Selects from Solutions Inside a Closed Field of Prescriptive Options – Almost all medical diagnoses are simply concluded from a well or lesser, but known set of precedent solutions from which decisions can be made and determinations drawn.  This is not the case with broader scope or discovery science.

Example:  In the end, there are only a set of about 1500 primary diseases from which we (most of the time) can regularly choose to diagnose a set of symptoms, most with well established treatment protocols. Contrast this with the World Health Organization’s estimate that over 10,000 monogenic disorders potentially exist.¹ The research task entailed inside monogenic nucleotide disorders is skyrocketing and daunting.  This is discovery science. The diagnosis of the primary human 1500 diseases, is not. Different mindsets will be needed to approach these very different research methodologies.
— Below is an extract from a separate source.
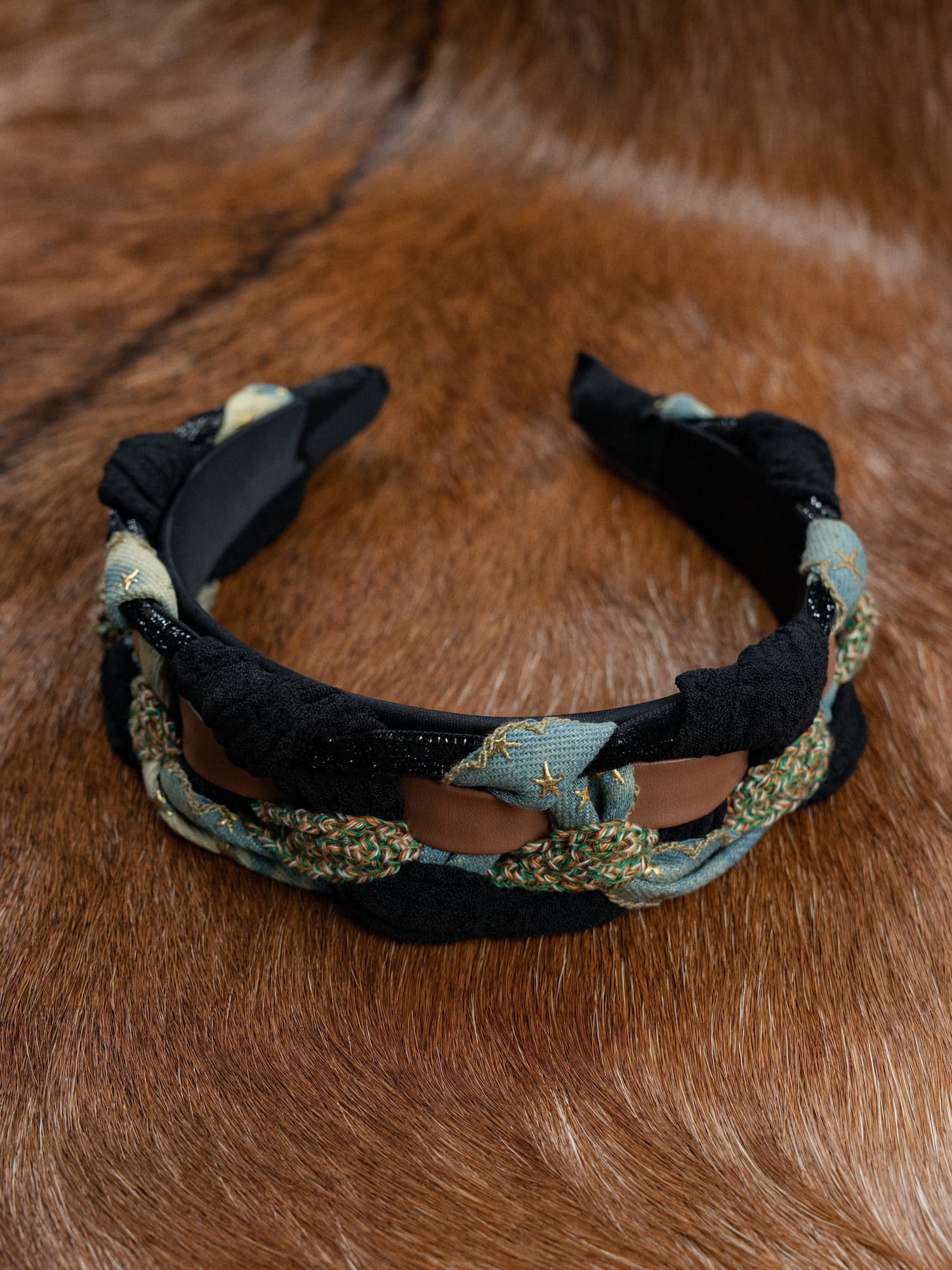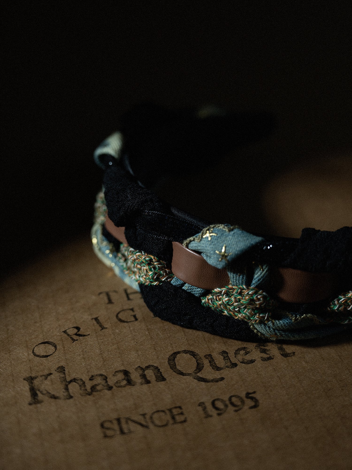 Woven from leather and textured fabric with metallic threads, it creates layered dimension and refined balance. Designed to complement any hat style, it offers versatility through craftsmanship — a quiet statement that redefines modern hat styling.

An Answer Must be Produced or We Fail – 100% of diagnostic processes involve the outcome of a conclusion. In fake skepticism, of course the participants are rife with ‘answer which as the greatest likelihood of being true’ type baloney.  To the Diagnostic Habituated fake skeptic, an answer has to be produced – NOW. But in a discovery process, we do not necessarily have to have an answer or disposition on a subject.  Be very wary of those who seem to force answers and get angry when you do not adopt their conclusion immediately. Be wary of those who have an answer for all 768 entries in The Skeptic’s Dictionary (including those who wrote the material). They are not conducting a scientifically reliable or honest exercise, rather are simply propping up a charade which seeks to alleviate the mental dissonance stress from something larger which disturbs them greatly. See Corber’s Burden. As one claims to be an authority on all that is bunk, their credibility declines in hyperbolic inverse proportion to the number of subjects in which authority is claimed.

Example:  If one is experiencing pain, for the most part both the patient and the researcher will not stop until they have an answer.  A conclusive finish to the pain itself is the goal after all, and not some greater degree of human understanding necessarily.  Contrast this with grand mysteries of the cosmos. We do not yet have an answer to the Sloan Digital Sky Survey “Giant Blob” Quasar Cluster² observation and how it could easily exist under current understandings of classical cosmology or M-theory. We have to await more information. No one has even suggested forcing a ‘answer which has the greatest likelihood of being true.’ To do so would constitute pseudoscience.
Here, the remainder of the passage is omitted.